There are plenty of reasons to put our cellphones down and now researchers have said smartphones are ruining our posture. And bad posture doesn’t mean a stiff neck.

It can hurt us in insidious psychological ways. Technology is transforming how we hold ourselves, contorting our bodies into what New Zealand physiotherapist Steve August calls the iHunch or as some call it the text neck or iPosture.

The average head weighs about 10 to 12 pounds. When we bend our necks forward 60 degrees to use our phones, the effective stress on our neck increases to 60 pounds -the weight of about five gallons of paint.

When August started treating patients more than 30 years ago, he says he saw plenty of `dowagers’ humps, where the upper back had frozen into a forward curve, in grandmothers and great-grandmothers. Now he’s seeing the same stoop in teenagers.

When we’re sad or depressed, we slouch. We also slouch when we feel scared or powerless. Studies have shown that people with clinical depression adopt a posture that eerily resembles the iHunch.

Posture doesn’t just reflect our emotional states; it can also cause them. In a study published earlier this year, Shwetha Nair and her colleagues assigned non-depressed participants to sit in an upright or slouched posture and then had them answer a mock job interview question, a well-established experimental stress inducer, followed by a series of questionnaires.

Compared with upright sitters, the slouchers reported lower self-esteem and mood, and greater fear. Posture affected even the contents of their interview answers: Linguistic analyses revealed that slouchers were much more negative in what they had to say.

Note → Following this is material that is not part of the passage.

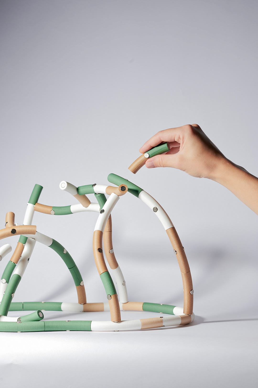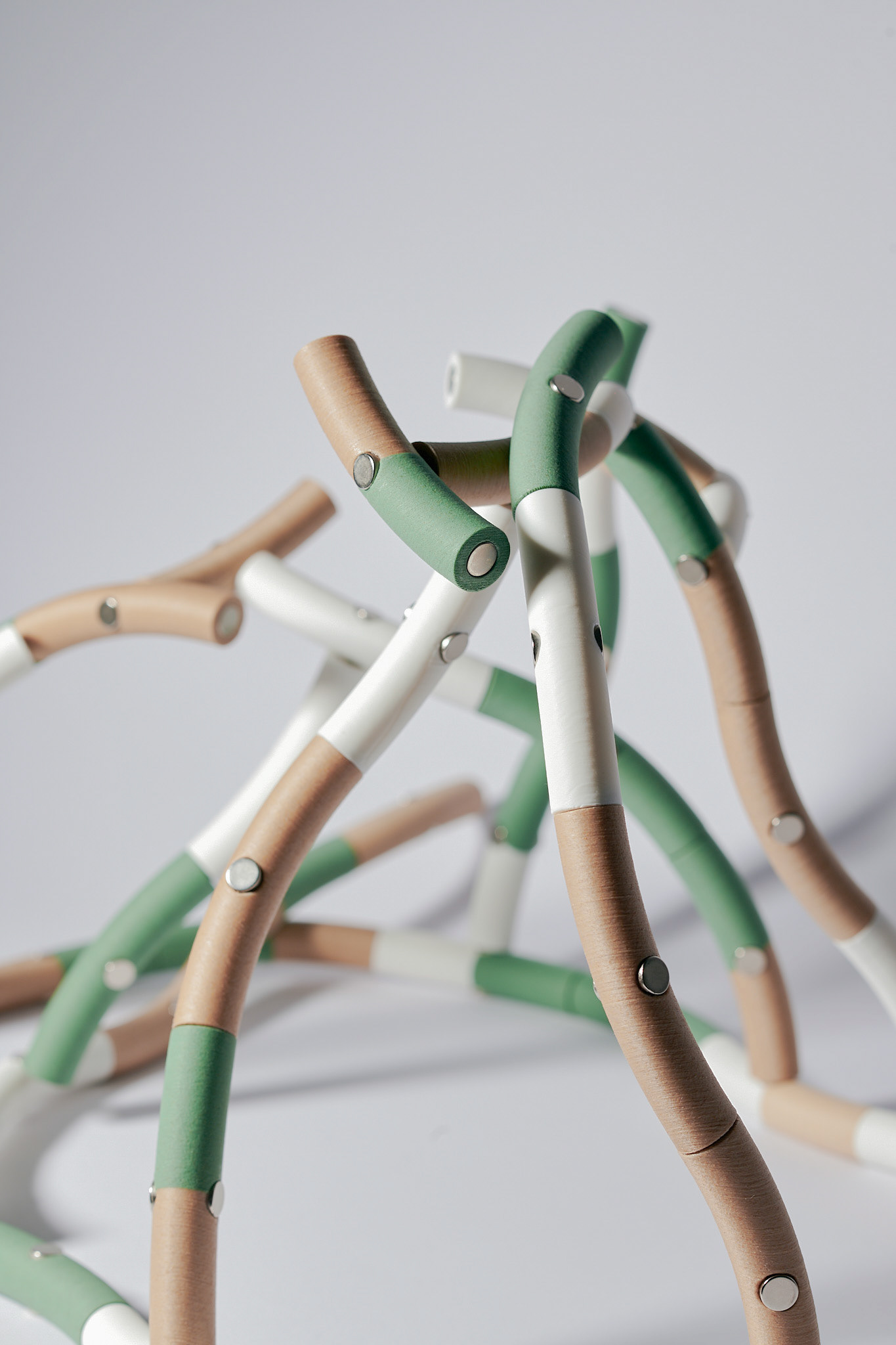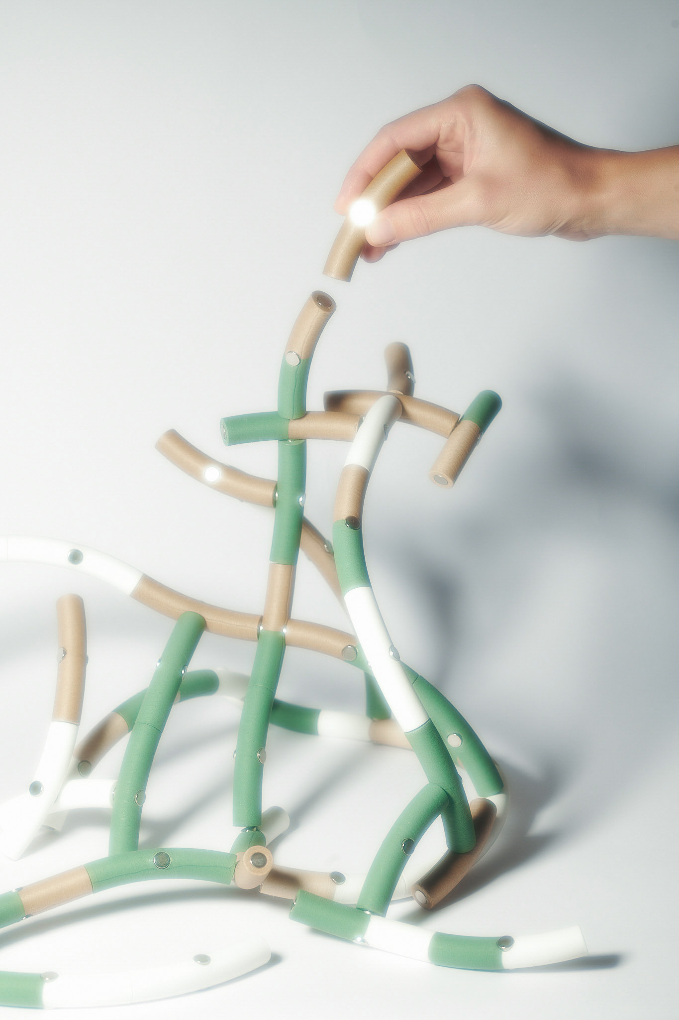 The pieces interact with each other — some attract, others repel — limiting full user control over the final structure. This results in dynamic, balanced, and delicate assemblies shaped by natural logic. Flor-i can serve as a stacking game, an educational tool, a decorative object, or a spatial element.

The researchers concluded, “Sitting upright may be a simple behavioral strategy to help build resilience to stress.” Slouching can also affect our memory.

By Times of India

 

In fact, there appears to be a linear relationship between the size of your device and the extent to which it affects you: the smaller the device, the more you must contract your body to use it, and the more shrunken and inward your posture, the more submissive you are likely to become.

 

Ironically, while many of us spend hours using mobile devices to increase our productivity and efficiency, interacting with these objects, even for short periods of time, might do just the opposite, reducing our assertiveness and undermining our productivity.